Turns out, I really didn’t need to be. Wonder Woman is an amazing movie. It’s the best DC has done since maybe the first Christopher Reeve Superman movie, and easily good enough to be a Marvel movie. Those are both high praise in my book. I loved almost everything about it, and my complaints are minimal. They knocked it out of the park on every level. I will do my best to avoid spoilers throughout the review.

Wonder Woman is bookended by scenes of Diana in the modern day. She gets a present from Bruce Wayne that triggers some old memories, and tells us the story. They played with her origin a bit, and some of the theology of the DC Universe, but it works well. Like the Marvel movies, the changes they made worked, and worked well.

We see the story of Diana, growing up as the sole child on Themyscira, an island of Amazons. We hear the history of the island, the Amazons, Diana, and a war of the gods that thankfully was much better than the horrid comic book event of the same name. Diana grows up, dealing with an overprotective mother, Queen Hippolyta, and training in secret with her warrior aunt, General Antiope. The Amazons are in a state of stasis, with nothing really changing, until…

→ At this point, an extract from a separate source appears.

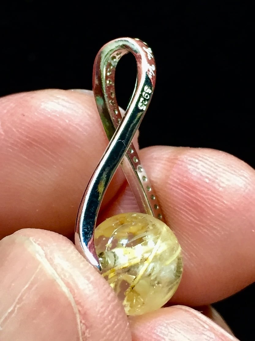 護身の役割だけではなく、宇宙のエネルギーを持ち主に流すといわれる「オーロラ・ポセイドン」の小枝を樹脂の中に入れてビーズ加工。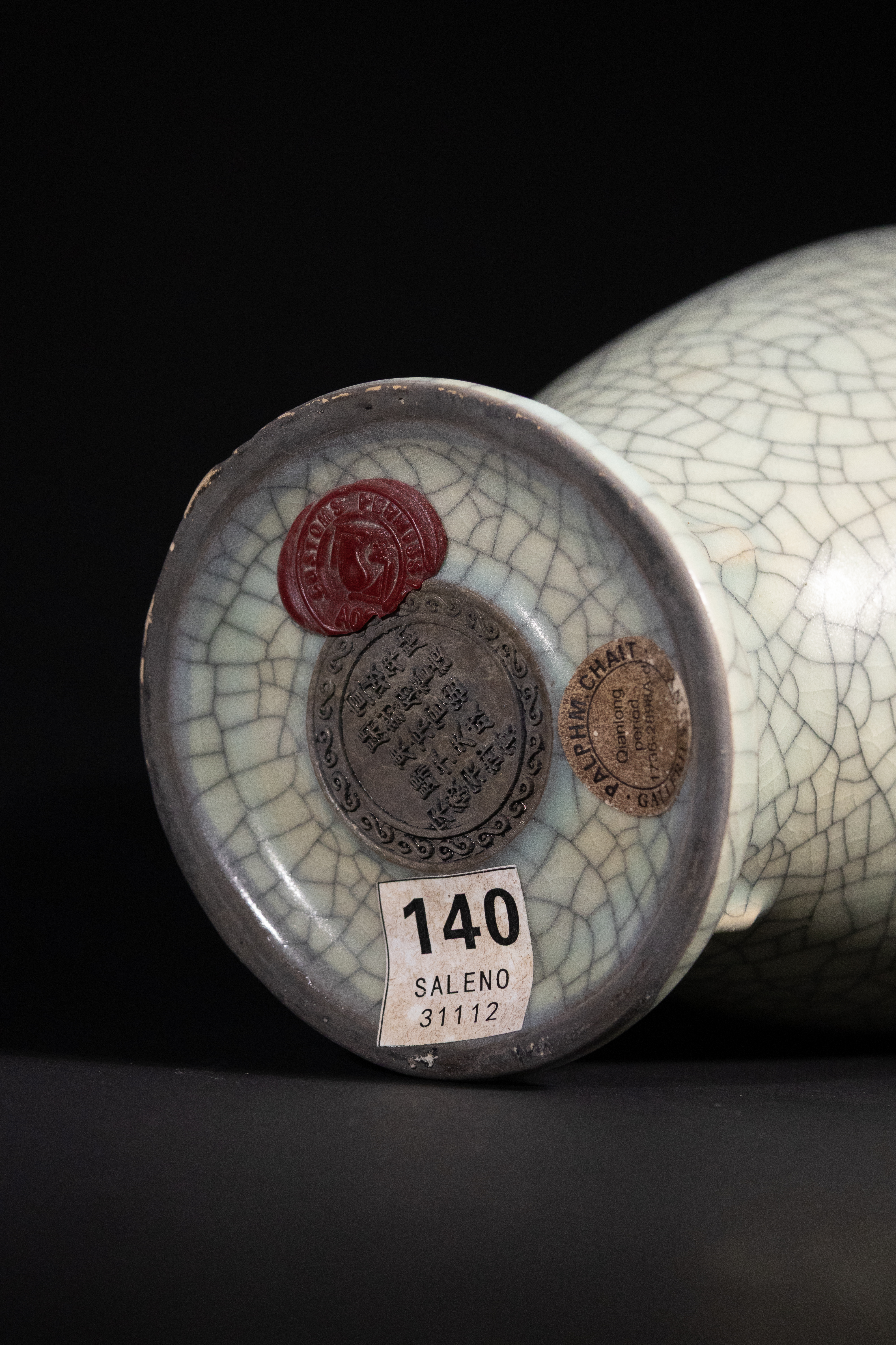 A celadon-glazed ceramic vase of baluster form with a flared rim and foot, exhibiting a pale grey-green celadon glaze uniformly patterned with a fine, dark crackle network. The base reveals an unglazed foot rim, multiple Chinese seal marks, a red wax seal, a ‘P. & F. CHATT BALHAM ENGLAND’ sticker, and a ‘SALENO 140’ inventory number. The vase is accompanied by a custom-fitted wooden storage box, marked with a vertically inscribed Chinese text ‘廣州十三行’ (Guǎngzhōu Shísānháng), translating to ‘Canton Thirteen Factories’ or ‘Canton Thirteen Hongs’, and featuring an affixed historical photographic print.

As per the classic origin, Steve Trevor, heroic pilot, crashes on the island while on an urgent mission. In this reshuffling of the story, he’s fleeing the German Army during World War I. The story works in this setting, and, as a friend of mine observed, “Captain America pretty much owns World War II at this point.” There will be another Cap reference later. Steve’s arrival shakes things up, especially when he’s pursued by the Germans. After a nasty fight on the beach with some tragic losses, Diana learns about the outside world and the war that rages. It fits in with a prophecy among the Amazons, and Diana makes the fateful decision to go back with him.

After some hilarious exchanges on the boat that takes them back to London (still not sure how a tiny sailboat gets from somewhere near Greece to London in an amazingly short period of time), Diana gets introduced to modern fashion, complicated politics, and Steve’s secretary Etta Candy, who is brilliant in every scene she’s in. This apparently is in the closing days of the Great War, as the Armistice is being negotiated, and Diana’s mission can’t get any official support that might interrupt the negotiations.

Naturally, this means there’s a secret mission with a ragtag band of misfits along to help out. We get an Arabic conman, a Scots sniper with serious PTSD, and an enigmatic Indian who might just be a lot more than he seems. The group moves across war torn Europe, and sees the horrors of modern war. Diana, still more idealistic than anyone else, makes an amazing charge across No Man’s Land that is brilliantly done.

The bad guys, aside from the German war machine in general, are General Ludendorff and Dr. Maru, a version of a classic Wonder Woman foe, Dr. Poison. They really are out and out villains who revel in destruction and kill those around them who displease them. That must be an HR nightmare. The mission doesn’t quite go as expected, and Diana sees things aren’t always as simple as they’d like them to be.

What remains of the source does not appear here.